Love is a choice. Just look at what St. Paul says about love in the reading.

Love is patient and kind; love does not envy or boast; it is not arrogant or rude. It does not insist on its own way; it is not irritable or resentful; it does not rejoice at wrongdoing, but rejoices with the truth. Love bears all things, believes all things, hopes all things, endures all things. Love never ends.

Notice how nothing he says, says anything about the feelings of love. He’s not discounting the feelings of love, he just knows the truth about people. Feelings come and go. Dane and Jordan, today you have all those mushy, in love, feelings. Who wouldn’t! It’s your wedding day. You are surrounded by all your family and friends. Everything is focused on your love. It’s great. But, remember, love isn’t a sport. It isn’t just feelings. Love is action and those actions are lived everyday by choice. You could add a few words to every phrase of the reading and not change a thing about what it says. Love is patient and kind, even if it doesn’t feel like it. Love does not envy or boast, even if it feels like it. It is not arrogant or rude, even if you’re mad him Jordan. It does not insist on its own way, even though you will want to Dane. It is not irritable or resentful, even if you feel that way. It doesn’t rejoice in wrongdoing, but rejoices in the truth, even when it hurts. Love bears all things, believes all things, hopes all things and endures all things, even when these things are the farthest things from your thoughts. It’s all about choosing to love instead of what you want to do in the heat of the moment. Deciding to love each other

…for better, for worse, for richer, for poorer, in sickness and in health, to love and to cherish, till death do you part…

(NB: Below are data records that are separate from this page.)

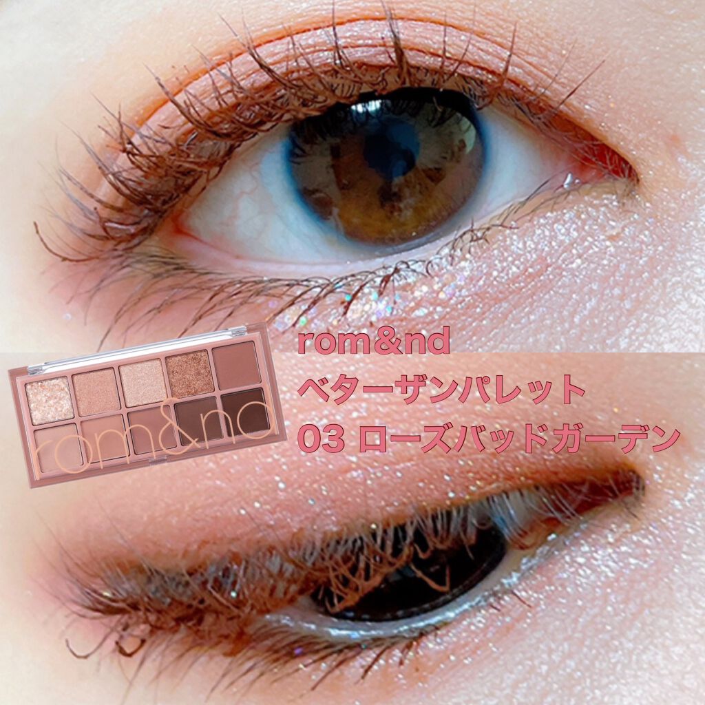 #提供❁.˚‧º‧‧º·˚.❁ ドライローズのような ピンクブラウン❁.˚‧º‧‧º·˚.❁rom&ndベターザンパレットをお試し✧*˚₊‧ੈ✩おすすめポイントੈ✩‧₊˚*⋆グリッターとマットの10色をセットにした、アイシャドウパレット...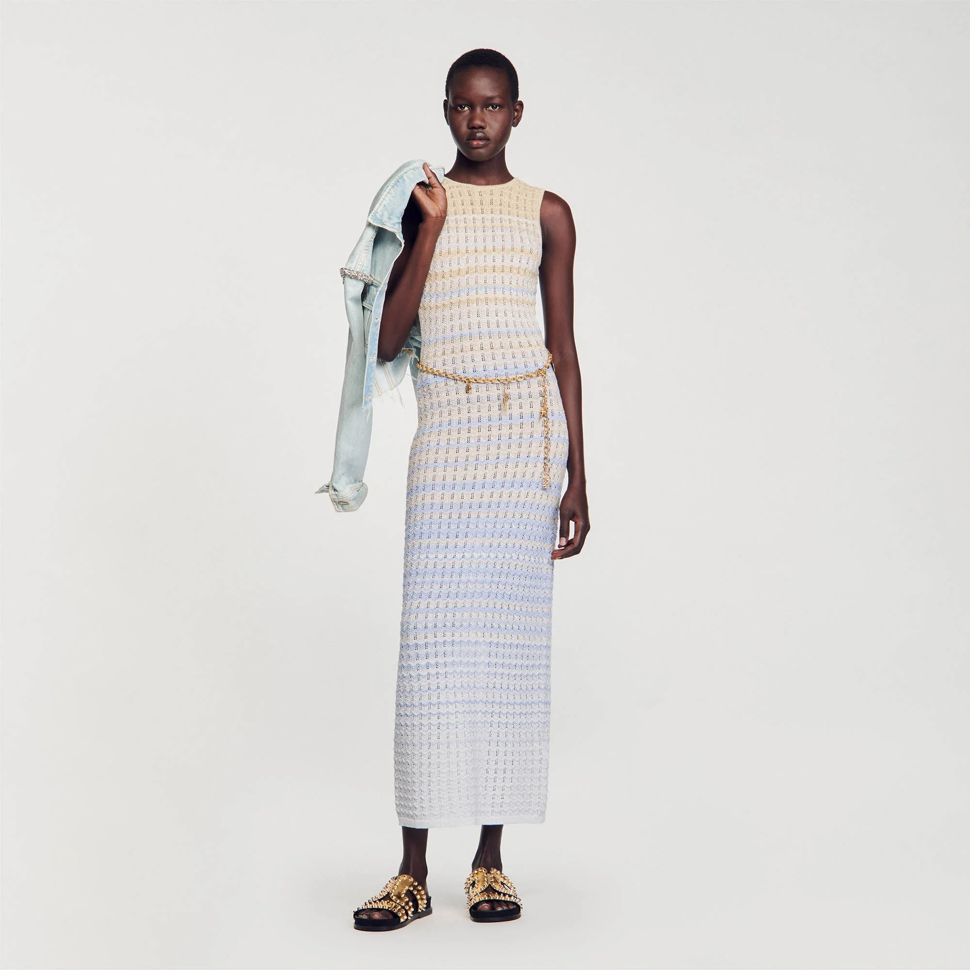 • Vestido largo de punto pointelle Sandro Femme
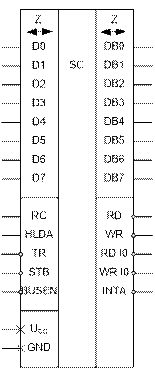 | 12 | SR | Вход | Установка в исходное состояние, сброс триггеров разрешения прерывания и захвата шины |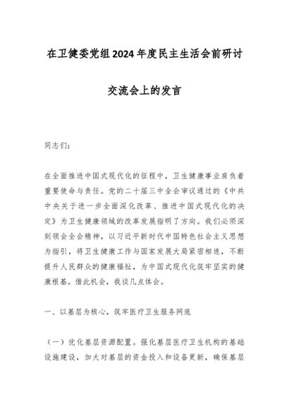 / 在卫健委党组2024年度民主生活会前研讨交流会上的发言

So, just how successful are you going to be at doing this your whole marriage, your whole life together? Today it’s easy, tomorrow too, most likely. But what about when the money runs out, and Dane is on the road more than you think he should be? Or Dane how about when she’s working those extra shifts and you are sitting home alone? Or the toilet seat doesn’t get put down for the thousandth time and the dishes are stacked up in the sink? You are making promises today that you can’t possibly keep perfectly.

So, what is your marriage doomed? Hardly. That’s exactly why we are here, isn’t it. In this marriage service you aren’t just making promises. You are making promises in the sight of God and these witnesses and inviting your Savior to be with you in your marriage. It’s the most important thing you can do when you are married. You will fail each other, often. You need forgiveness for your failures. And that’s what Jesus brings. He was crucified, dead and buried and raised again to new life, for your sins, especially for the sins that you both bring to this marriage. Forgiveness is what allows you to move forward past the hurt. It is just a fact of life that you will sin against each other more than you will sin against anyone else. So you need to forgive each other more than you need to forgive anyone else. Jesus forgives you. In that forgiveness you can / will forgive each other. The key to living in forgiveness is to do what God says to do. Forgive us our trespasses as we forgive those who trespass against us. It is best to do it out loud in those very words. “Dane, I forgive you, in the name of Jesus.” “Jordan, I forgive you, in the name of Jesus.” Those exact words are the most important words you will speak after “I do”! Forgiveness changes things. Jesus forgives you and in faith, you will forgive each other.

Jesus is a part of your marriage and your life together. It’s the forgiveness. The author of Ecclesiastes says it like this:

And though a man might prevail against one who is alone, two will withstand him—a threefold cord is not quickly broken.” (Ecclesiastes 4:12, ESV)

God’s richest blessings on your marriage. Amen.

The peace of God that passes all understanding, keep your hearts and minds in Christ Jesus, Amen.